2015 U.S. air strike on a hospital in Afghanistan

On 3 October 2015, a United States Air Force AC-130U gunship attacked the Kunduz Trauma Centre operated by Médecins Sans Frontières (MSF, or Doctors Without Borders) in the city of Kunduz, in the eponymous province in northern Afghanistan. 42 people were killed and over 30 were injured. MSF condemned the incident, calling it a deliberate breach of international humanitarian law and a war crime. It further stated that all warring parties had been notified about the hospital and its operations well in advance.

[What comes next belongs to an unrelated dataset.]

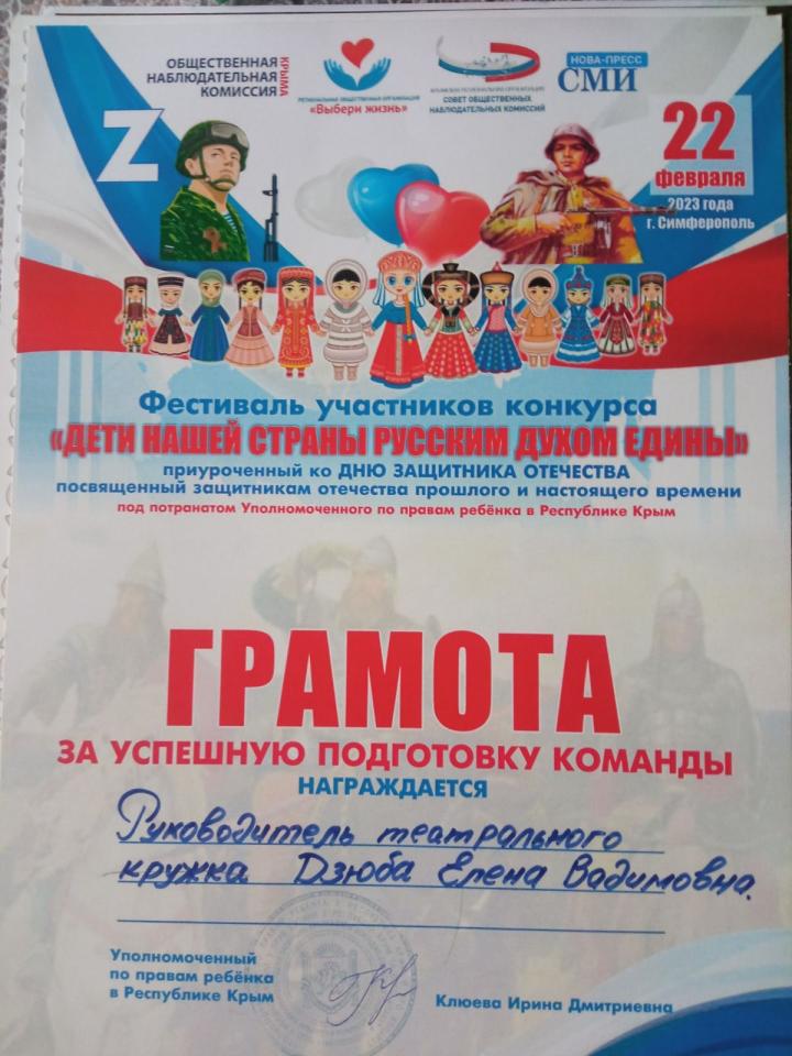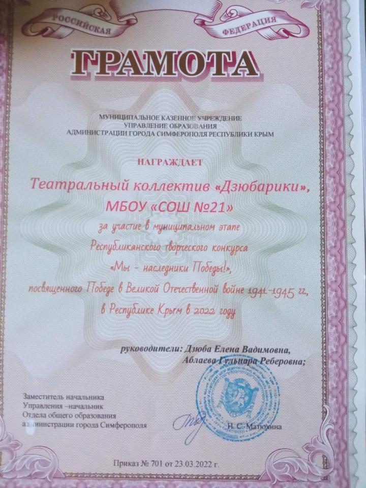 Приказ о создании школьного театра "Дзюбарики"

The United States military initially said the airstrike was carried out to defend U.S. forces on the ground. Later, the United States commander in Afghanistan, General John F. Campbell, said the airstrike was requested by Afghan forces who had come under Taliban fire. Finally, Campbell said the airstrike was a U.S. decision, made in the U.S. chain of command and not requested by Afghan forces. Campbell said that the attack was "a mistake", further stating: "We would never intentionally target a protected medical facility." The USCENTCOM 15-6 report stated that General Campbell's own lack of strategic guidance and dissemination of certain Rules of Engagement were major contributing factors that led to the command and control breakdown prior to the airstrike. Anonymous sources alleged that cockpit recordings showed the AC-130 crew questioned the strike's legality.

On 7 October 2015, President Barack Obama issued an apology and announced the United States would be making condolence payments of $6,000 to the families of those killed in the airstrike. Three investigations of the incident were conducted by NATO, a joint United States-Afghan group, and the United States Department of Defense. The Department of Defense released its findings on 29 April 2016. MSF has called for an international and independent probe, saying the armed forces who carried out the airstrike cannot conduct an impartial investigation of their own actions.

== Background ==

On 28 September 2015, Taliban militants seized the city of Kunduz, driving out government forces. After the reinforcements arrived, the Afghan army, backed by U.S. air support, began an offensive operation to regain control of the city. After several days of fighting, Afghan forces claimed to have retaken the city. However, fighting continued into October 3.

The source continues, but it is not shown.